Да и сами планы германских генералов по отражению десантов оказались никуда не годными. Они базировались на опыте Дюнкерка. На том, что высадившегося противника легко можно будет сбросить в море немедленными контрударами танковых и моторизованных соединений. Сразу, пока враг не закрепился. Но ведь теперь плацдармы прикрывались мощнейшим, многослойным огнем корабельной артиллерии! И контрудары танков, спешно перебрасываемых к местам вторжения, вводимых в бой по частям, как раз и попадали под этот огонь. А бронедивизий во Франции было всего четыре… 23 июня началось и советское наступление в Белоруссии, операция «Багратион», Восточный фронт тоже был взломан. И с востока на запад, как и с запада на восток перебросить никаких подкреплений было уже нельзя…

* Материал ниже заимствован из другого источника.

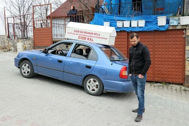Bolu'da Murat Çalık, evden çıkanları aracının üstüne koyduğu tabutla uyardı. Sela okutarak gezen Çalık'ın, aracı bağlandı. Kendisine de 400 lira ceza yazıldı.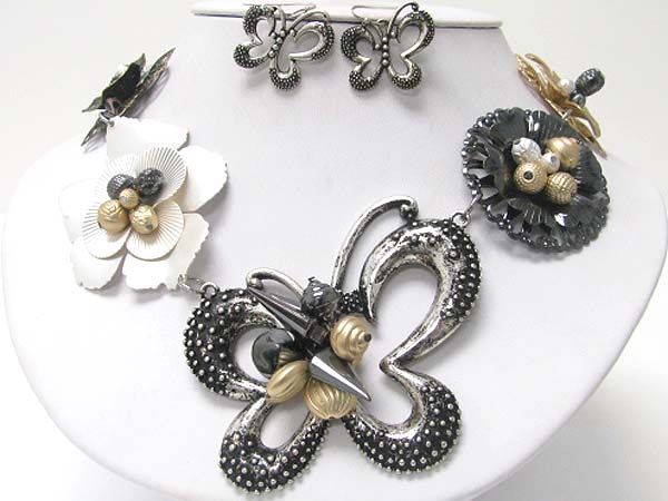 Natural chip stone deco metal butterfly and flower link necklace earring set

«Атлантический вал» рухнул. И продвижение англоамериканских войск пошло очень быстро. Способствовало этому еще одно немаловажное обстоятельство. Весьма значительную долю германских войск во Франции составляли части «Остгруппен» – русские, туркестанские, грузинские, армянские батальоны и «легионы». На востоке, как ранее отмечалось, они сражались очень хорошо. Одни – будучи убежденными антикоммунистами и антисталинистами. Другие просто из-за того, что знали – если попадутся в плен или даже перейдут фронт, их ждут крупные проблемы. Во Франции ситуация была иной. Французы «сталинистами» никак не были. И относились к бойцам «Остгруппен» совсем иначе, чем к немцам. Охотно общались, приглашали в гости, на сельские праздники. Многие солдаты обзавелись местными подружками. А французские группы сопротивления принялись усиленно разлагать русские части. Иногда – через девушек. Иногда – через соотечественников-эмигрантов, занявших антинацистскую позицию. Одним из лучших агитаторов считалась, например, «красная княгиня» Тамара Волконская, благодаря ее доверительным беседам только за один день в отряды «маки» ушло 85 человек.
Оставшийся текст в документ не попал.